4 minute read
Viewpoint: Iron Ore
from BTI Summer 2022
by Maritime-AMC
FULL STEAM AHEAD?
BY BASIL KARATZAS
The iron ore rally seems to have lost steam for now, but capesize vessel freight rates imply otherwise
Any way one sees it, we all still live in a covid-19 world, whether we like it or not. Massive vaccinations notwithstanding and a lift of travel and mask-wearing restrictions in the western world may have given us a sense of normalcy – which is most welcome news after almost two years of lunacy – but the effects of covid-19 are affecting our lives in both visible and tangential ways today.
The prevailing logic has been that once a vaccine for covid-19 was found, the happy days of 2019 would have rolled back, as if flipping a switch. How naïve we all were! Although economic activity may have been recovering nicely since the covid-19 vaccine, recovery of industrial production has not been smooth, as factories have been short both of labour and of raw materials.
Shifting spending patterns by consumers have only made imbalances more exacerbated and through the “bullwhip effect”, supply chains have barely managed to keep up with demand and timely deliveries.
Coming out of covid-19, prices for commodities skyrocketed, as factories started revving up production to meet recovering demand and also as they were also trying to replenish inventories of raw materials and commodities at the same time, inventories that were depleted during the pandemic; mining companies, shippers, shipping operations and port terminals were all functioning via mountains of operational hurdles during the shutdowns and the inventory level was not among the highest of priorities.
rallying round
The commodities rally has been one of the strongest in the last decade. For example, the price of copper moved from approximately $2,300 per ton in early 2020 to almost $4,900 per ton in late 2021. The price of coal skyrocked from approximately $50 per ton to more than $300 per ton in the same period. The price of iron ore moved from below $80 per ton to approximately $225 per ton in the same period.
All in all, it had been an exceptional rally that probably allowed many traders to book huge profits in that period. Many an economist raised the prospect of inflationary concerns, but the general prevailing thinking has been about “transitory inflation”, the kind of price inflation that is not embedded in the economy and would have gone away once factories had a chance to replenish inventories.
Fast forward to the present, and by now, the discussion is about structural inflation that will force central banks to raise interest rates so high to cool the economies in order to curtail inflation.
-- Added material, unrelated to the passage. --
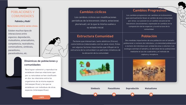 Existen muchos tipos de interacciones entre especies: depredación, mutualismo, amensalismo, competencia, neutralismo, comensalismo, simbiosis, parasitismo, parasitoidismo, etc.

Add to the mix an active, unexpected and unpredictable warfront in the periphery of Europe that has turned energy markets upside down and now it’s not only a discussion of high interest rates, but also a discussion about stalled industrial production and possibly a recession.
price collapse
With the exception of energy prices (namely for crude oil, natural gas and coal) that remain at eye-popping levels due to geo-political events, the price for base commodities has collapsed since the beginning of the year: copper presently trades at $3,300 per ton (down 30% in six months) while iron ore now trades at $100 per ton (down by more than 50% in six months). Precious metals, grains and other commodities have all exhibited similar pricing patterns, in a veritable sense that misery loves company.
The proverbial jury is still out on the direction of the US and global economies, and the seesawing stock markets are the most obvious way to see the market’s “confusion”. Furthermore, an extremely strong US dollar does not help demand for commodities prices and there may be more pain ahead before the market finds its footing, but it would be hard to see that commodities prices will remain sustainably weak for long.
Taking a look at iron ore, the raw material for steel, it’s hard to believe that the world can do without it for long. For starters, despite China’s setbacks dealing with covid-19 and bringing their industrial production back to 2019 levels, President Xi Jinping has been vouching for China meeting its economic goals set for 2022, darkened economic horizons notwithstanding. An extremely strong US dollar does not help demand for commodities prices and there may be more pain ahead before the market finds its footing, but it would be hard to see that commodities prices will remain sustainably weak for long
strengthening market
Economics and growth statistics out of China have to be taken with a pinch of salt at the time, but as of July 2022, portside iron ore inventories in China stand at approximately 132m tons, the lowest level of inventories in the past ten months. Between the low inventories, a rekindling of Chinese production and also given that it takes more than a month to ship iron ore from Brazil to China, a strengthening of the iron ore market should be expected.
The chart shows historic freight costs for iron ore (in terms of US$ per ton shipped by capesize vessel) from Dampier in Australia and Tubarao in Brazil to Qingdao in China; the freight differential is well established between the two routes (given the distance differential), and the capesize freight rally nicely coincided with the rally in the iron ore price, for both routes.
Capesize rates for iron ore have come down, too, in the last six months, but freight rates are picking up steam again. If this is a kind of leading indicator, iron ore prices should be expected to tick up, too.